ЛИТЕРАТУРА, НАУКИ И ИСКУССТВА

 

Много времени проводили, читая или слушая стихи – классическую иранскую литературу или стихи современников. Самым ценимым из последних был Джами (1414‑1492), человек, который преуспел в жизни, но на котором, увы, закончилась великая поэтическая школа Ирана. Его «Семь сокровищ» [Семь корон] – сборник из семи историй, самой удачной из которых стала история Юсуфа и Зулейхи, исламизированная и романизированная версия злоключений библейского Иосифа по вине жены египтянина. Больше ни один писатель эпохи не достиг уровня Джами, но иранисты насчитывают около восьмидесяти заметных литераторов и с десяток обладавших настоящим талантом. Два историка тимуридской эпохи, дед и внук, Мирхонд (1432‑1498) и Хондемир (1475‑1536), сильно уступают историкам монгольской эпохи, но интересуют нас из‑за влияния, какое оказывали, а также потому, что входили в число первых иранских историков, которых стали изучать в Европе. Если персидский язык безраздельно властвовал, настолько, что даже те, кто писал по‑тюркски, считали себя обязанными иногда его использовать, то Тимуриды мечтали вновь ввести в обращение тюркский язык, и Мир Алишер Навои (1414‑1492), министр Хусейна Байкара, сам поэт и автор «Дивана», отнюдь не бездарного, даже написал нечто вроде «защиты и прославления»[6] этого языка.

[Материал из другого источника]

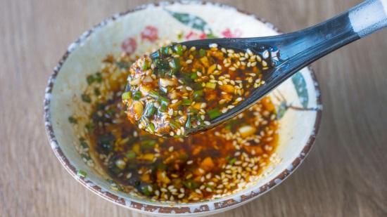 8、起锅烧水,这个时间我们来做一个汤料:蒜末、白芝麻、辣椒油、葱花、热油,趁热浇上生抽、香醋、盐、白糖,香味儿瞬间激发;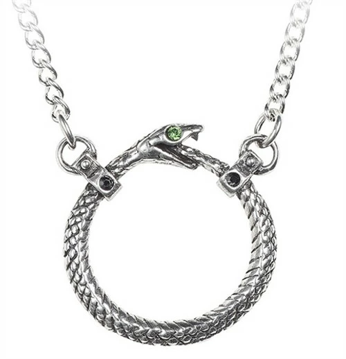 A pewter serpent eternity ring pendant with a green Swarovski crystal eye.

Тем не менее этот высокопоставленный сановник и меценат, творчество которого во многом вдохновляли произведения Низами, Амира Хосрова и Джами, считался одновременно одним из величайших поэтов мира и блестящим подражателем классическим персидским авторам. Как бы то ни было, в современном Узбекистане его репутация полностью сохранилась. На мой взгляд, его неоспоримо превосходит Бабур со своим личным дневником, «Бабур‑наме», произведением капитальным и, не считая первых страниц, посвящённых генеалогии, – увлекательным.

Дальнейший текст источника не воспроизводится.